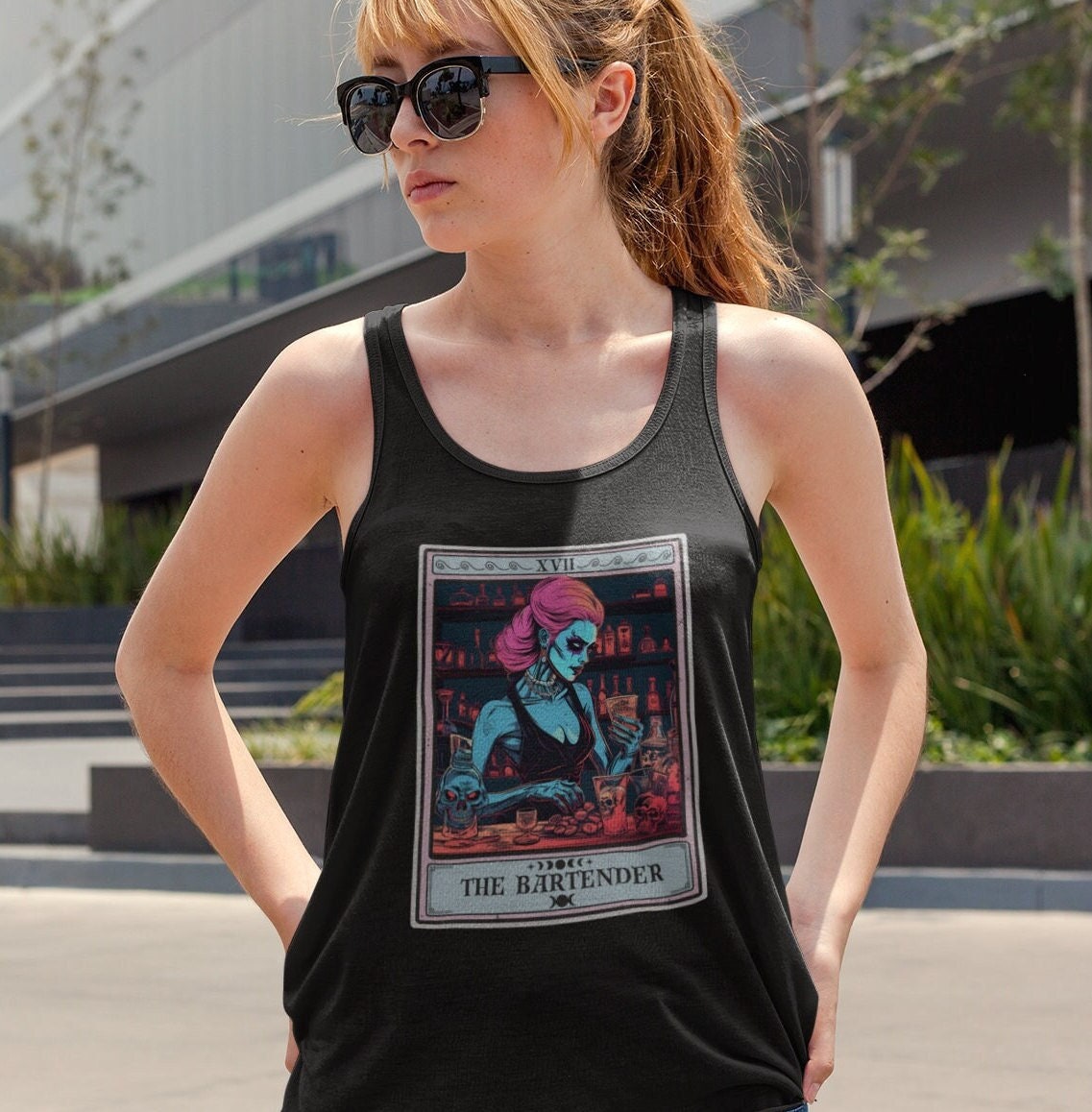 Bartender Tank Top, The Bartender Tarot Card Tank Top, Bartending Woman Shirt, Woman Bartender Tanks
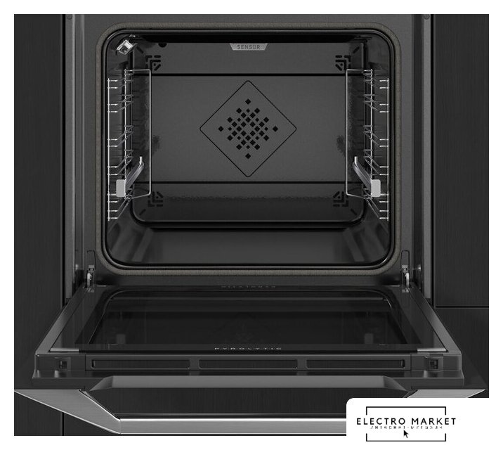 электрический с конвекцией, объем 73 л, 12 режимов, автопрограммы, очистка пиролитическая, 4 стекла в дверце, направляющие проволочные + телескопические
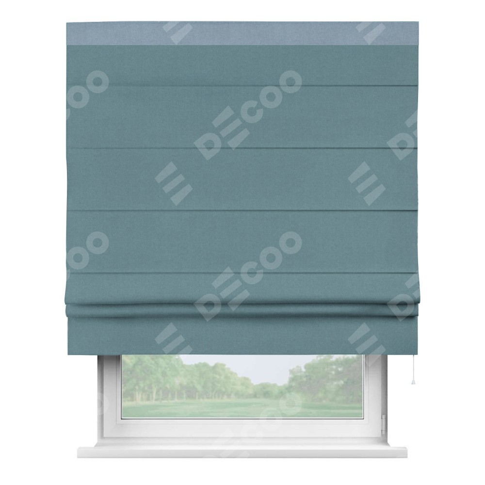 Римская штора производителя «Cortin», используется для проёма, пошита из ткани лён блэкаут синий, артикул 69528. Отделка шторы кантом «Кинг», ткань для канта используется из льна разной расцветки на выбор. Имеет универсальный механизм и подходит для монтажа: на потолок, на стену и в нишу.
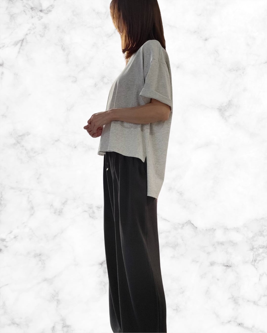 前後差のあるデザインで、前はすっきりしながらもヒップを覆う安心の丈感が嬉しいですね
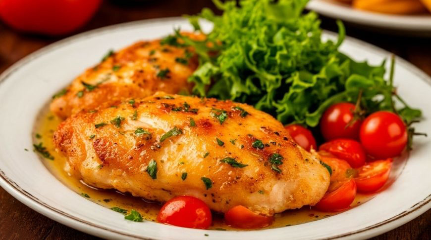 С грудки срезают лишний жир и пленки. Если куски крупные, то их слегка отбивают молотком для равномерной толщины и быстрой прожарки. Солят и перчат с обеих сторон. В разогретом оливковом масле обжаривают 3-5 минут с каждой стороны до золотистой корочки, затем убирают на тарелку.
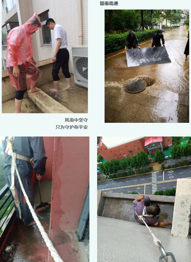 降雨虽大,但服务水平和响应不会因此受影响,第一时间处理业主遇见的各种问题和需求,将守护落实到每一处细节。组织清理积水、疏通排水口、放置防汛沙袋、竖立防洪挡板、架设水泵抽水,各岗位严阵以待,分工明确,在业主看到或看不到的地方做足安全保障。

## TASK
Could you output all of the entries above exactly? Leave the pictures out.

## RESPONSE BELOW
 Bartender Tank Top, The Bartender Tarot Card Tank Top, Bartending Woman Shirt, Woman Bartender Tanks
 электрический с конвекцией, объем 73 л, 12 режимов, автопрограммы, очистка пиролитическая, 4 стекла в дверце, направляющие проволочные + телескопические
 Римская штора производителя «Cortin», используется для проёма, пошита из ткани лён блэкаут синий, артикул 69528. Отделка шторы кантом «Кинг», ткань для канта используется из льна разной расцветки на выбор. Имеет универсальный механизм и подходит для монтажа: на потолок, на стену и в нишу.
 前後差のあるデザインで、前はすっきりしながらもヒップを覆う安心の丈感が嬉しいですね
 С грудки срезают лишний жир и пленки. Если куски крупные, то их слегка отбивают молотком для равномерной толщины и быстрой прожарки. Солят и перчат с обеих сторон. В разогретом оливковом масле обжаривают 3-5 минут с каждой стороны до золотистой корочки, затем убирают на тарелку.
 降雨虽大,但服务水平和响应不会因此受影响,第一时间处理业主遇见的各种问题和需求,将守护落实到每一处细节。组织清理积水、疏通排水口、放置防汛沙袋、竖立防洪挡板、架设水泵抽水,各岗位严阵以待,分工明确,在业主看到或看不到的地方做足安全保障。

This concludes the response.